### Dataset records:
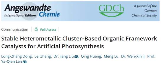 近日,南京師范大學(xué)化科院蘭亞乾教授課題組在人工光合作用催化劑研究方面取得重要進(jìn)展。該研究成果以Stable Heterometallic Cluster‐Based Organic Frameworks Catalysts for Artificial Photosynthesis為題發(fā)表于Angew. Chem. Int. Ed.(http://doi.org/10.1002/anie.201913284)。Angew. Chem. Int. Ed.雜志是Wiley公司的王牌雜志,也是化學(xué)學(xué)科頂級(jí)期刊。
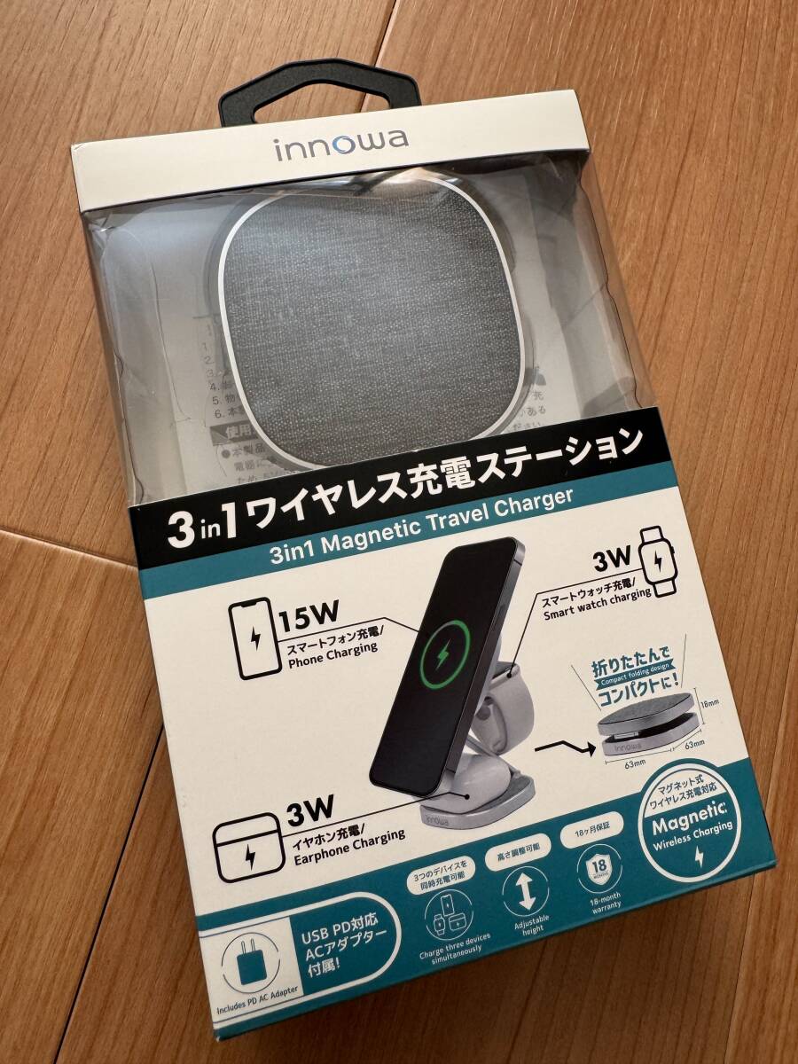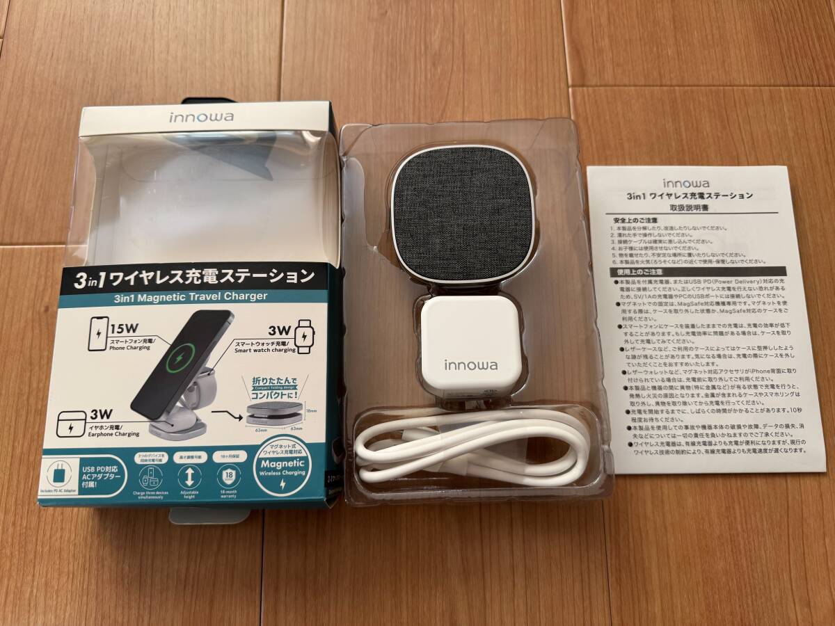 ☆innowa 3in1 ワイヤレス充電ステーション MagSafe対応 iPhone/Apple Watch/AirPods 同時充電 折りたたみ式 PD対応 ACアダプター付属 PSE認証済 中古超美品になります。
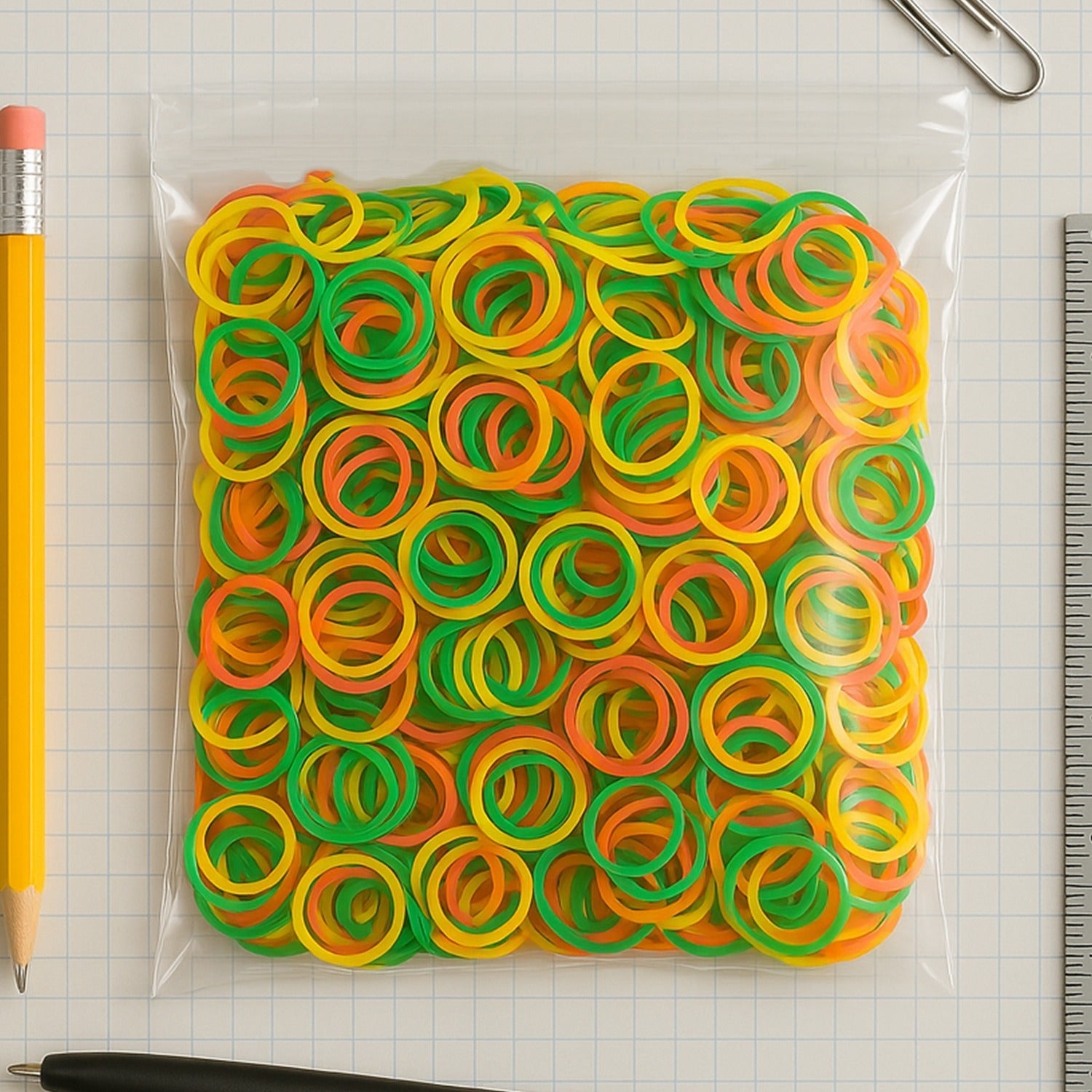 RUBBER BAND FOR OFFICE/HOME AND KITCHEN ACCESSORIES ITEM PRODUCTS, ELASTIC RUBBER BANDS, FLEXIBLE REUSABLE NYLON ELASTIC UNBREAKABLE, FOR STATIONERY, SCHOOL MULTICOLOR
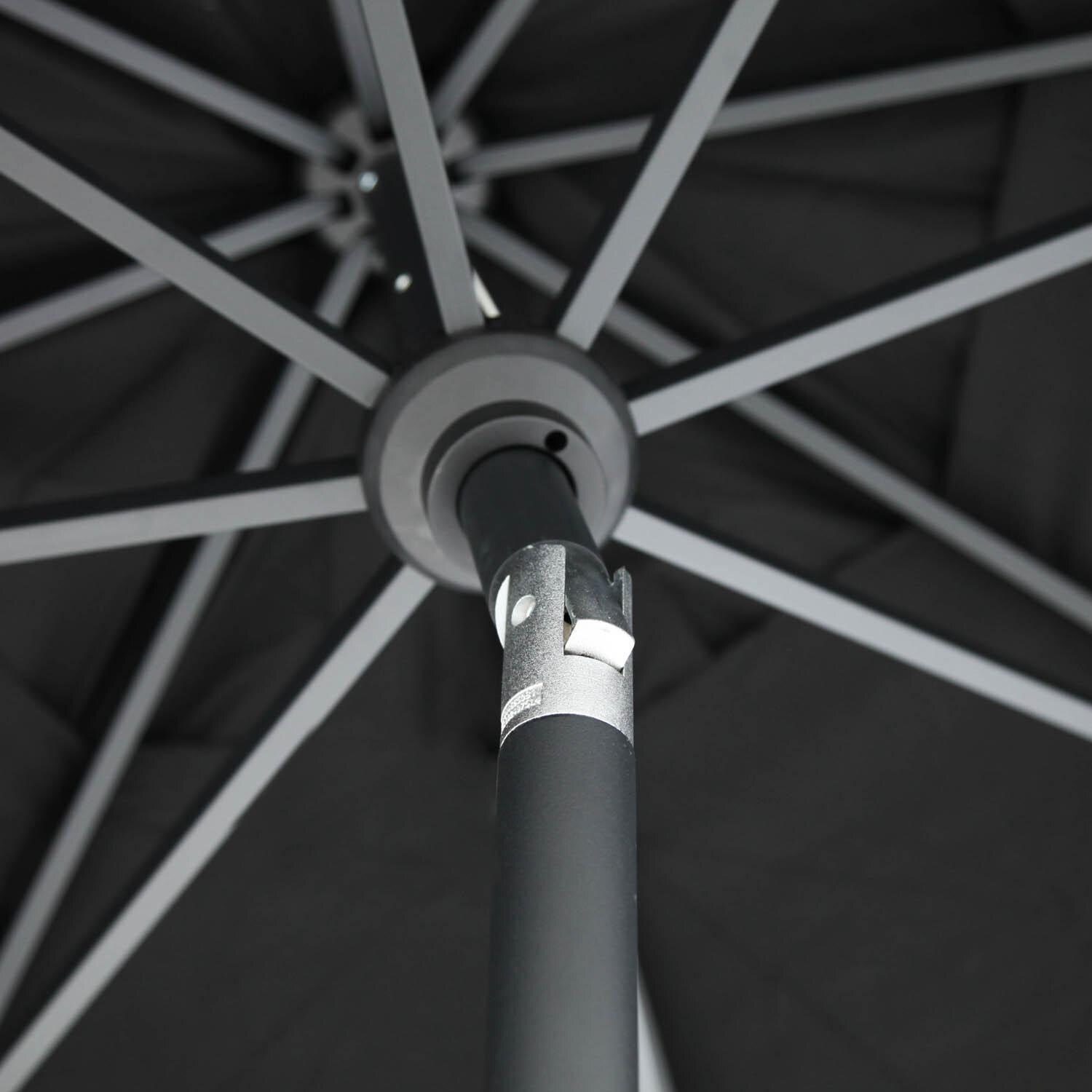 Beautiful, sturdy, well-made 11 foot black patio umbrella. Opens easily. Just know that you must open beyond what you think is maximum capacity in order to engage the tilt mechanism way up near the top of the pole which then tilts very easily. I absolutely love this umbrella!!
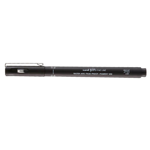 Uni Pin Fine Line Drawing Pen 12pcs (Black) - 0.2mm
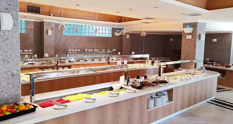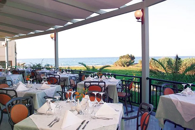 Restaurant. Set in pleasant surroundings with backdrop of the sea and illuminated fountain, it offers a great variety of different foods, Greek & international kitchen, thematic nights, BBQ. Breakfast: Full American buffet. Lunch/Dinner: Full buffet with cold & hot dishes

### Work instructions:
A verbatim reproduction is expected: starting at the line above that has "ACアダプター付属 PSE認証済 中古超美品になります。", ending at the line that has "Uni Pin Fine", both included, and with no pictures and no other lines.

### Answer area:
 ☆innowa 3in1 ワイヤレス充電ステーション MagSafe対応 iPhone/Apple Watch/AirPods 同時充電 折りたたみ式 PD対応 ACアダプター付属 PSE認証済 中古超美品になります。
 RUBBER BAND FOR OFFICE/HOME AND KITCHEN ACCESSORIES ITEM PRODUCTS, ELASTIC RUBBER BANDS, FLEXIBLE REUSABLE NYLON ELASTIC UNBREAKABLE, FOR STATIONERY, SCHOOL MULTICOLOR
 Beautiful, sturdy, well-made 11 foot black patio umbrella. Opens easily. Just know that you must open beyond what you think is maximum capacity in order to engage the tilt mechanism way up near the top of the pole which then tilts very easily. I absolutely love this umbrella!!
 Uni Pin Fine Line Drawing Pen 12pcs (Black) - 0.2mm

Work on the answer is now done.